China’s “Migration Transition” Is Changing the Factory Floor

Sunday, January 13, 2013 19:33
Posted in category The Big Picture

While catching up on some reading, the following passages from Arrival City (A book about the migration of people to the city) reminded me of a trend that I have been observed in China:

Back-and-forth migration was indeed occurring, often for many generations.  But eventually there was something of a tipping point, a moment where the entire family, and sometimes the village, shifted it allegiances and investments to the city and ceased to rely on agriculture.  This he called the “migration transition”.  sometimes it took generations to occur, sometimes only years.

With 400 million migrants estimated to have already moved to the city, and a projected 300 million more to arrive over the course of the next 15 years, this tipping point is something that is very relevant for China.  Relevant as cities as cities like Shanghai and Beijing look to integrate large populations of “outsiders”, and relevant as cities like Chengdu and Zhengzhou look to attract “insiders” from the province into their cities.

It is a process that over the last 5-8 years has seen a marked difference in the hopes and dreams of migrants as their own their pattern has begun to shift. Migrants that were once willing to separate from family, were solely focused on working long hours so that they could save enough to one day return home (and be reunited), are now looking to move as a family until and find “good” jobs.   It is a transition that plays into regular conversations I have with nearly everyone.  From government officials who are seeing their district populations explode, to business leaders who are trying to understand why the pressure from labor is increasing at a time when they should be going the other direction.
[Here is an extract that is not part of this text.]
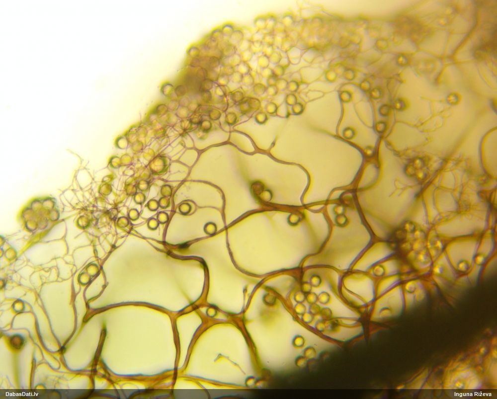 Šis man pašai sanāca pārsteigums. Ievācu paraugu ar domu "varbūt tur ir gļotsēne", dodot varbūtību apmēram pusprocentu, ka ir. Bet no mikroskopijas starp galīgi vecām sporām izdevās atrast ne tikai dažas labas, bet, galvenais, arī perfektus kapilīcija fragmentus, no kura suga, vēl kopā ar sporu pazīmēm, nosakāma nešaubīgi.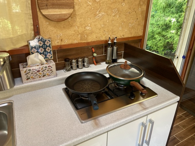 1층 숙소 내부로 들어오면 투숙객이 직접 음식을 조리해서 먹을 수 있도록 기본적인 조리도구는 갖춰져 있고요,

by the end of 2007, Shenzhen had 700,000 unfilled jobs.  City officials raised minimum wage from 450 to 750 to 900 yuan ($132) per month, but it did little to attract workers back.  In 2010, when hundreds of thousands more failed to return, Shenzhen announced plans to raise it yet again, to 1,100 per month, after facing labor shortages of more than 20 percent.  Again, the promise had little noticeable effect.  Officials were left bewildered [.....]

On the factory floor, what this translates into is line workers want more money, more training, and are looking for firms that can offer more than a mindless job installing widgets for 12 hours a day.  They are looking for this because as a “new resident” of the city, their need to save and invest in their futures is vastly different. they are now looking to support a lifestyle that is not tied to farm income, small stores, and village life.  Migrants that were once willing to “eat bitterness” for two years so that they could save enough money to return home and open a small business, are now looking for more.  Looking for opportunities, within firms or within cities, that will provide a livelihood that aligns with their urban needs.  Stable incomes.  Healthcare.  Housing funds.  With the added need for career development and access to education (for themselves and their kids).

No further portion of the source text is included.